Start of DATASET EXTRACT
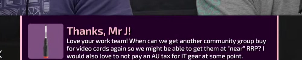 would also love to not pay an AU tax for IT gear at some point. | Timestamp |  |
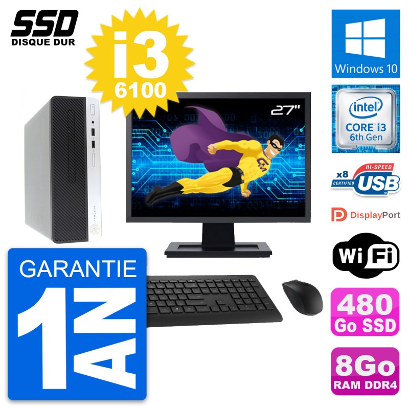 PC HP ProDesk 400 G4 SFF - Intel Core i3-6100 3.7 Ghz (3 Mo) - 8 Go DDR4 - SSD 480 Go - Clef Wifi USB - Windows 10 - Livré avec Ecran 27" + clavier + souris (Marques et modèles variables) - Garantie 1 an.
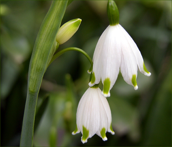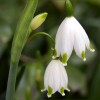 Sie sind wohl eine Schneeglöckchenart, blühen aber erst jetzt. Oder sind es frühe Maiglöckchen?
End of DATASET EXTRACT
Start of DATASET EXTRACT
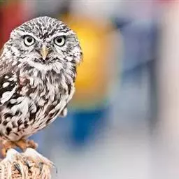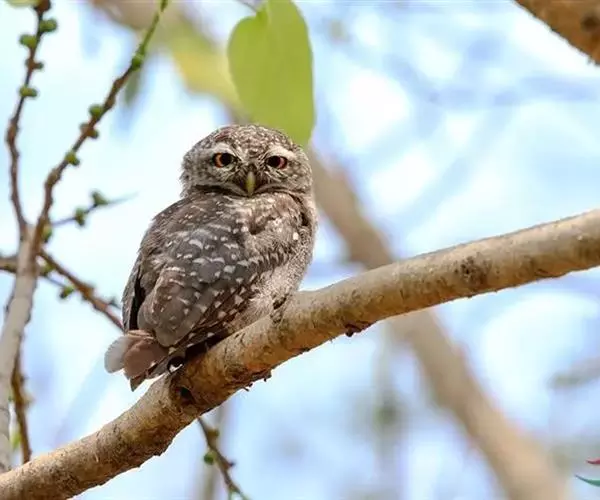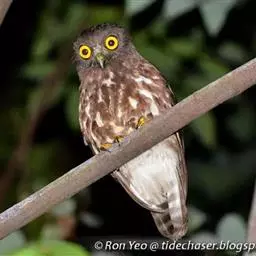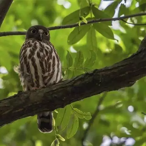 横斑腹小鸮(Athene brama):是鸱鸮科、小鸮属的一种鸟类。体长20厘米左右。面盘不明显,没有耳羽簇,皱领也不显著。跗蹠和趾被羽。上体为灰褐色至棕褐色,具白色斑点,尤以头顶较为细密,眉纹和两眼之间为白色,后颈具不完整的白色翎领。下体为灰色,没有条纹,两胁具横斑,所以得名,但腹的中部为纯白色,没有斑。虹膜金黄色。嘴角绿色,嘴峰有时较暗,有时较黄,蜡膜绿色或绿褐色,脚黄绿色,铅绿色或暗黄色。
End of DATASET EXTRACT
- **PROMPT**: Return exactly the part of the listing above that opens with the line containing "would also love" and closes with the line containing "Sie sind wohl". Pictures stay out.

- **EXERCISE SOLUTION**:
 would also love to not pay an AU tax for IT gear at some point. | Timestamp |  |
 PC HP ProDesk 400 G4 SFF - Intel Core i3-6100 3.7 Ghz (3 Mo) - 8 Go DDR4 - SSD 480 Go - Clef Wifi USB - Windows 10 - Livré avec Ecran 27" + clavier + souris (Marques et modèles variables) - Garantie 1 an.
 Sie sind wohl eine Schneeglöckchenart, blühen aber erst jetzt. Oder sind es frühe Maiglöckchen?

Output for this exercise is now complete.